Matrix-to-fracture exchange

In classic dual porosity simulators the flow is considered to take place in the fractures only with the matrix acting as a supply of hydrocarbon to the fracture. This exchange is modeled in most flow simulators using a "shape factor" for each simulation cell. In Roxar's software, a number of shape factors are calculated within each simulator cell. In simulators that are capable of handling more than one shape factor per cell, such as the More simulator, this extra resolution may be carried to the simulation. The advantage of this can be seen in Figure 3 where the fracture pattern in two geological layers that end up in the same simulator layer are shown. The histogram of shape factors shows that the different layers have different shape factor responses. This allows the imbibition process to be modeled better within each simulator cell.
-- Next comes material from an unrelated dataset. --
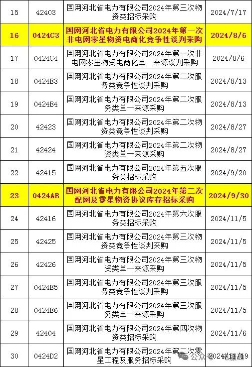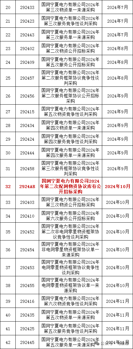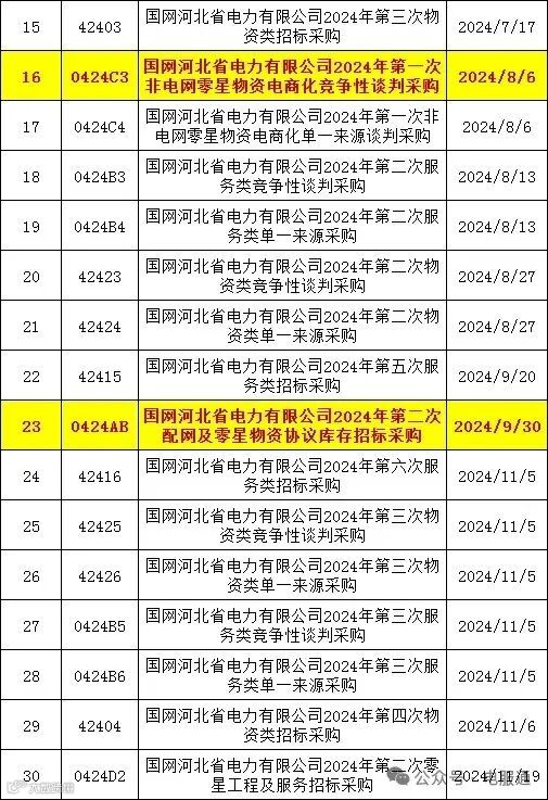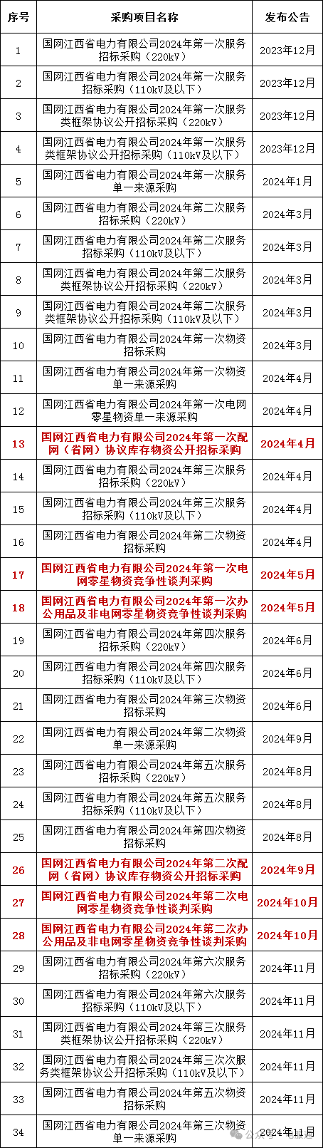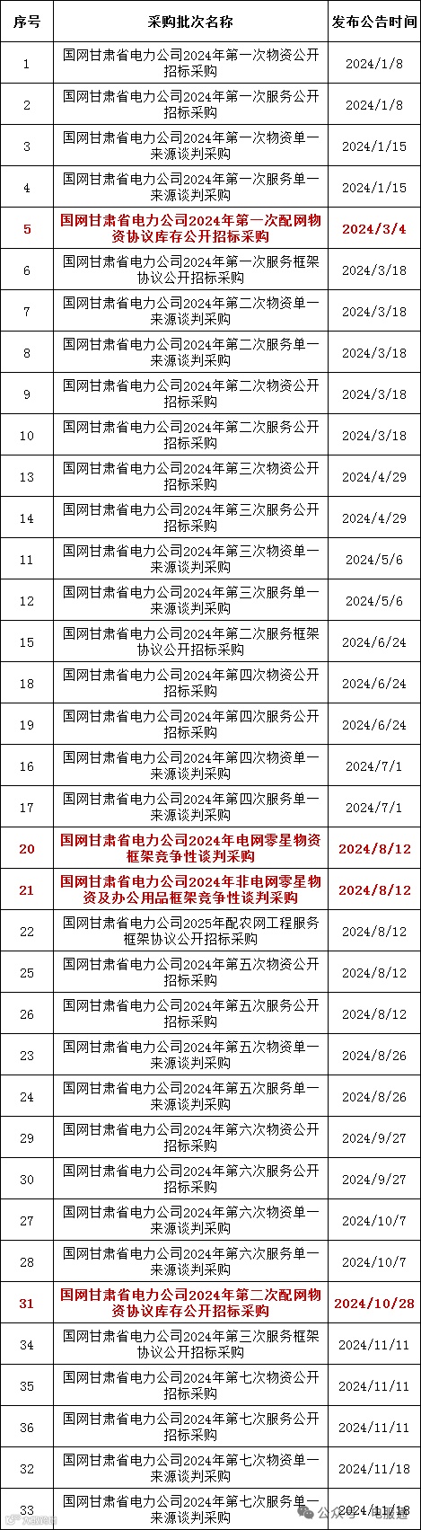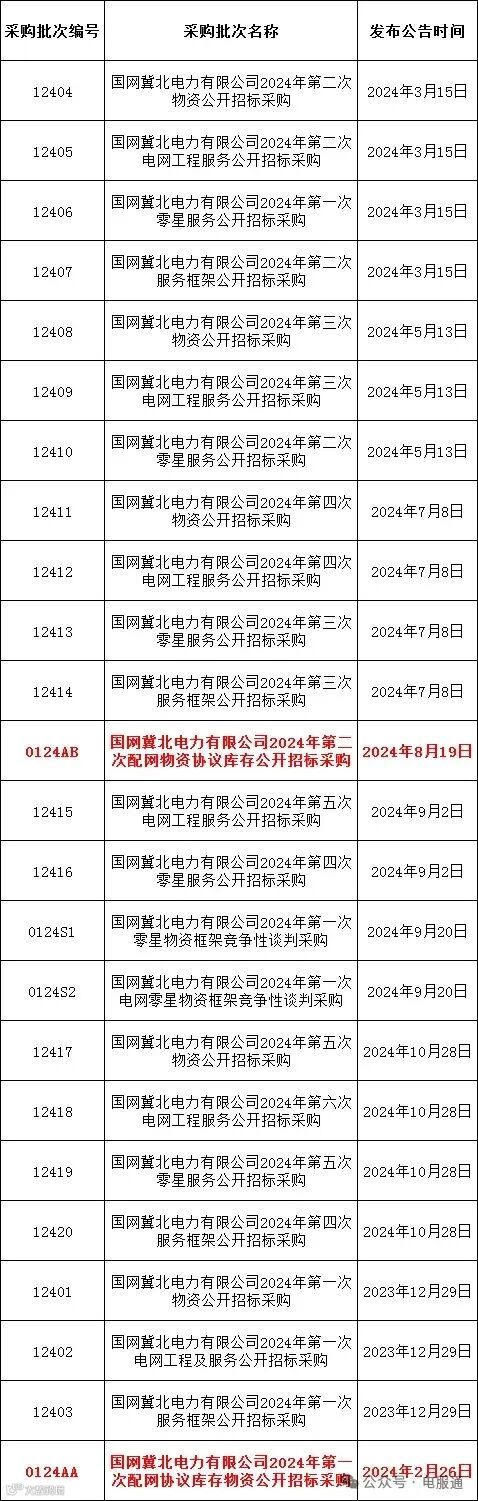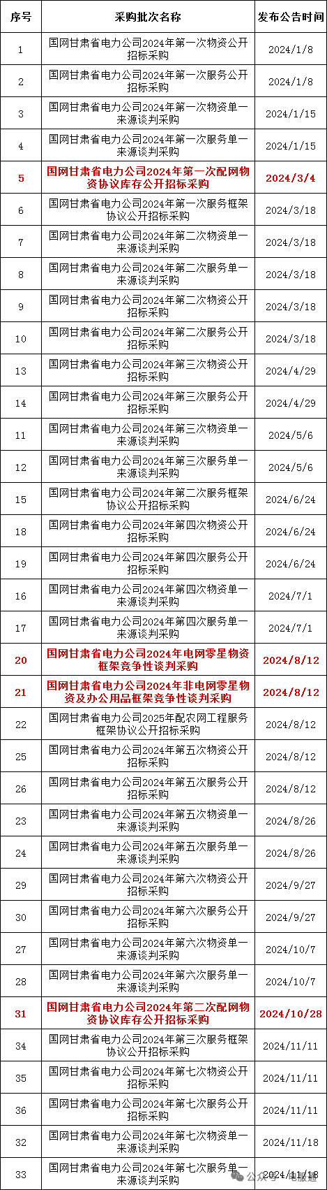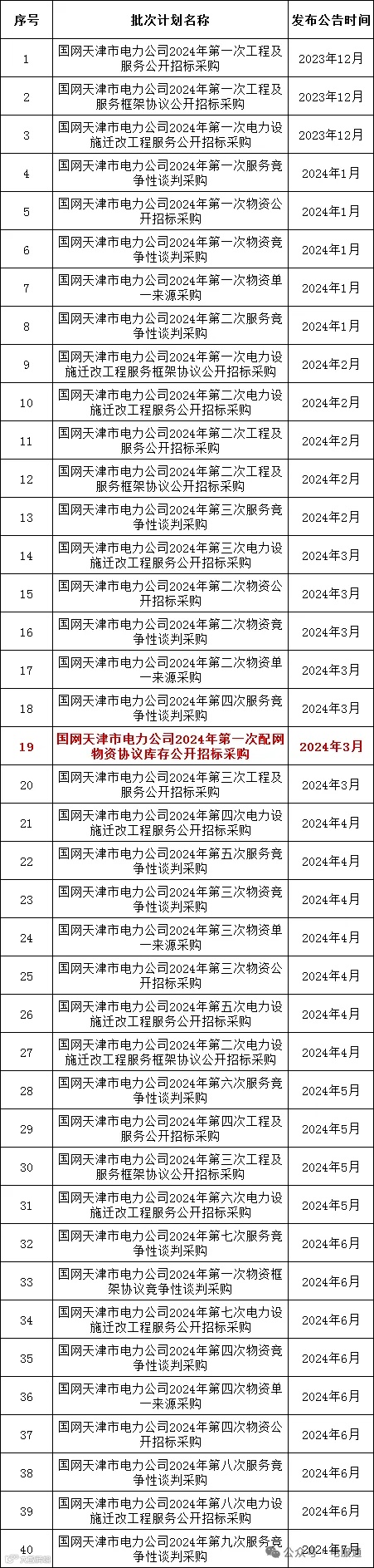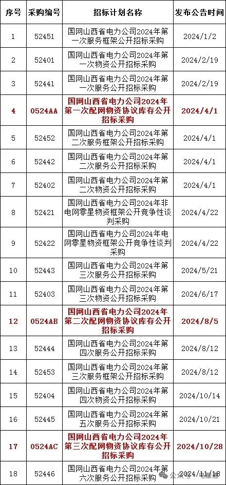 2024年采购批次安排公示

Of course, if needed the software can calculate a single upscaled shape factor for conventional dual porosity simulators that only use one shape factor.

So what's different?

In many ways, the fracture modeling process is similar to modeling other forms of heterogeneity. Trends are produced and the heterogeneity is modeled to follow those trends. Permeability is assigned, if possible by calibration to well test. One difference for fracture modeling is the calculation of the shape factor. Another, more significant difference is that the levels of uncertainty are higher in fracture modeling. To feel comfortable with the model it is important to have the ability to play with the various parameters to help get an understanding of the uncertainty. For this it is essential that the fracture modeling tool is simple, fast and fully consistent with the 3-D reservoir modeling tool used.